Because of its proximity to documented tainted properties, the state Department of Environmental Conservation (DEC) placed the site of the newly opened shelter on a list of 300 properties the agency intended to test to see if underground contaminants had found their way there.

The concern is that the vapors from below-ground chemicals can percolate upwards and into buildings. Last fall the state began asking property owners for access to the targeted properties to perform so-called soil vapor intrusion testing for potential toxicity.

As THE CITY recently reported, the owner of the Third Street site, David Levitan, received a notice from DEC in October seeking access to the site. As of Monday the state had yet to get into the building to begin the planned testing.

DEC did not immediately respond to THE CITY’s request for comment.

Levitan did not respond to a call Monday seeking comment.

On Monday, the Department of Social Services acknowledged that the independent testing by the state had yet to begin but said they were instead relying on testing results obtained by Levitan.

DSS spokesperson Neha Sharma said “the city’s technical agencies reviewed the results from the [landlord’s] Vapor Intrusion Survey at the site and found that the results do not indicate a current health risk to building occupants.”

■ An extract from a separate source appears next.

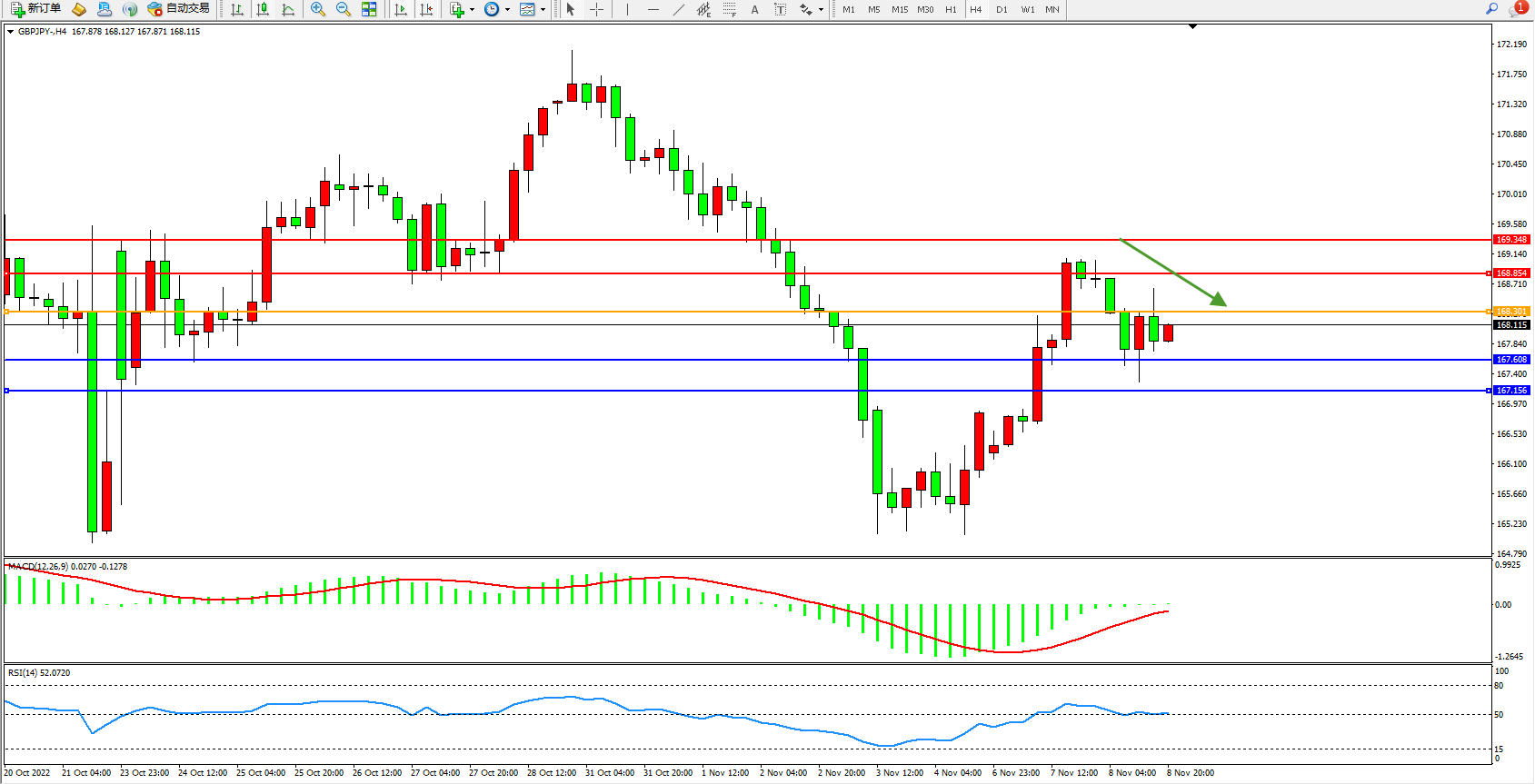 交易策略:168.301下方看跌,目标167.608、167.156

The agency did not respond to THE CITY’s request to release the results of the landlord’s tests or describe the protocols employed to ensure the integrity of those tests. They also did not answer questions about how many migrants are currently staying in the shelter. THE CITY counted between 15 and 20 names on each of the daily sign-in sheets for Saturday, Sunday and Monday.

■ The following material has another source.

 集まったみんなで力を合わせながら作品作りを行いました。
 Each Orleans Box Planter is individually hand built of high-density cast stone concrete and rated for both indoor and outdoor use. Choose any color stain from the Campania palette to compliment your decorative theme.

The building is owned by a company called Liberty One, co-owned by Levitan. Over the last few years, Levitan has owned multiple buildings that housed city-funded shelters that have racked up housing and building code violations, according to the New York Times.

Neighborhood residents who are part of the Third Street Block Association and have filed suit against DSS to stop the shelter blasted the Adams administration on Monday for opening the site to migrants before independent testing was complete.

“The use of this property without testing and remediation violates New York City zoning rules and New York State environmental standards and places all residents and migrants in danger and exposes the City to long term liability that taxpayers will be responsible for,” the group’s president, Robert Mesnard, stated.

Years back, the city rejected an attempt by the building’s previous owner to convert the property from manufacturing to residential use. A 2004 ruling by the Board of Standards & Appeals, which adjudicates zoning variances, declared that residential use was “inappropriate” given the site’s location next to the long-contaminated canal.

In January, Deputy Mayor for Health and Human Services Anne Williams-Isom emphasized that the shelter would have to pass all regulatory requirements, “and if it was not fit for people being sheltered there we would not have people there.”

Last week, the Department of Social Services awarded a no-bid emergency contract to pay a nonprofit health care firm, BHRAGS Home Care Corp., $44.6 million to operate the Third Street shelter through June 2026. BHRAGS has little experience running shelters but has received multiple contracts with DSS — all on an emergency no-bid basis — to operate what the city calls “sanctuary sites” all over the city, often in hotels. The Third Street contract has yet to be registered by the city comptroller.

A BHRAGS employee at the site on Monday declined to answer THE CITY’s questions but promised to pass the request along to a higher-up. As of Monday evening, THE CITY had not heard back from BHRAGS.

This story was published by THE CITY on April 8, 2024.